To 'consolidate these differences' would be to get rid of them. This would require studying philosophy as a whole and seeing the bigger picture. In reality there are almost no differences between philosophers in respect of their established logical results. They all agree that metaphysical questions are undecidable. It is the variety of ways in which they respond to this result that creates all the differences. If we have no interpretation for it then philosophy becomes useless. if we have one then it becomes invaluable.

The problem is that there is only one reasonable interpretation and it is rejected by the Western tradition or 'Academy', leaving it stranded up a creek without a paddle.
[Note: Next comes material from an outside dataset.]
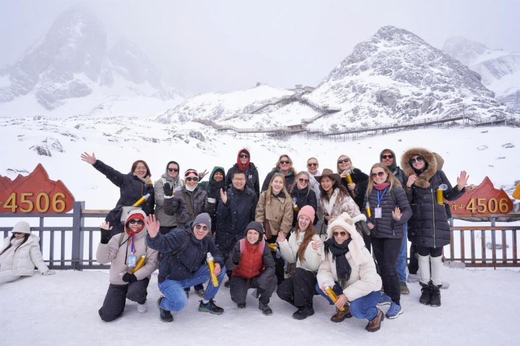 在滇考察期间,代表团先后走进石林、玉龙雪山等自然景观胜地,沉浸式体验彝族三弦舞、白族扎染、三道茶、唐卡绘画等非物质文化遗产项目,近距离感受云南得天独厚的生态资源与多姿多彩的民族文化底蕴。同时,代表团还实地调研昆明航空枢纽“易畅转”便捷服务体系,深入了解云南生态保护与民族社区共生的可持续旅游发展模式,全面掌握云南入境旅游接待能力、产品打造潜力及配套服务水平,为后续合作线路开发积累了一手素材。

To give philosophy utility would require adopting a dispassionate approach and studying the whole of it.

You might like to check out a professional website called 'Daily Nous'. It's been a while since I visited but they usually have long discussions going on about how to show that philosophy is useful in the face of all the current criticism. You won't find a solution there but the discussion is interesting for its lack of ideas.

  • 1
    Did you just assume OP's frame of reference? But I agree with your sentiment, it is as if philosophers have started preaching to the choir instead of writing new songs.
    – christo183
    Commented Oct 23, 2018 at 12:55
  • @christo183 - Quite so. Or preaching to the choir before learning all the songs. I'm not sure what you mean by the 'frame of reference' comment. I'm assuming he means university philosophy and Western society. .
    – user20253
    Commented Oct 24, 2018 at 11:53
  • A bit of tongue in cheek: OP may be a Buddhist with no knowledge of Western philosophy, there is no mention of his frame of reference, which would upend the whole interpretation. But of course, we all know where he comes from.
    – christo183
    Commented Oct 24, 2018 at 12:08
  • 1
    As for "preaching to the choir" it seems to me that philosophy, daunted by the success of Science, have become some sort of yes-man to the empirical studies. Framing the narrative of Science to accede to popular sentiment. And thereby leaving Science metaphysically impoverished. So then to OP's question it would be "yes", but only if W/Phil makes a 180 degree adjustment to its focus.
    – christo183
    Commented Oct 24, 2018 at 12:12
  • @christo183 - If he was a Buddhist he wouldn't be asking the question. That he is not is very clear. I agree about ';science-envy'.